Metal-Organic Framework Preserves the Biorecognition of Antibodies on Nanoscale Surfaces Validated by Single-Molecule Force Spectroscopy.

Antibody biorecognition forms the basis for numerous biomedical applications such as diagnostic assays, targeted drug delivery, and targeted cancer imaging. However, antibodies, especially after being conjugated to surfaces or nanostructures, suffer from stability issues when stored under nonrefrigeration conditions. Therefore, enhancing the stability of antibodies on surfaces and nanostructures under ambient and elevated temperatures is of paramount importance for many nanobiotechnology applications. In this study, we introduce a simple and facile approach based on a metal-organic framework (MOF) coating to preserve the biorecognition capability of antibodies immobilized on nanoscale surfaces after exposure to elevated temperatures for a prolonged period. By using atomic force microscopy (AFM)-based force spectroscopy, we demonstrate that the MOF coating is able to preserve the binding force and binding frequency of the anti-CD-146 antibody attached to an AFM tip to CD-146 antigen on the surface of melanoma cells at the single-molecule level. We also demonstrate that the MOF coating outperforms another commonly used sucrose coatings in terms of maintaining the binding force and binding frequency of the antibody to antigen.
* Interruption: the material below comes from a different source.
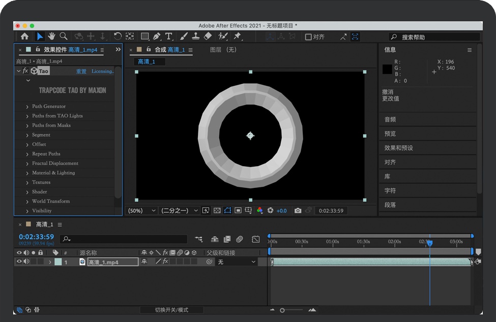 Tao使用内置的自动路径、遮罩形状和来自After Effects 3D灯光的运动快速生成程序化的3D几何图形。

Herein, the AFM tip functionalized with antibodies provides a nanoscale testbed (analogous to an antibody-conjugated nanostructure) to assess antibody biorecognition at the single-molecule level and preservation efficacy under antibody denaturing conditions. This MOF coating approach should be applicable to the preservation of a variety of antibody-conjugated nanostructures aiming for targeted drug delivery, targeted cancer imaging, and nanobiosensors. The improved stability and elimination of refrigeration requirements will facilitate wide applications of antibody-enabled nanobiotechnology in resource-limited environments and populations.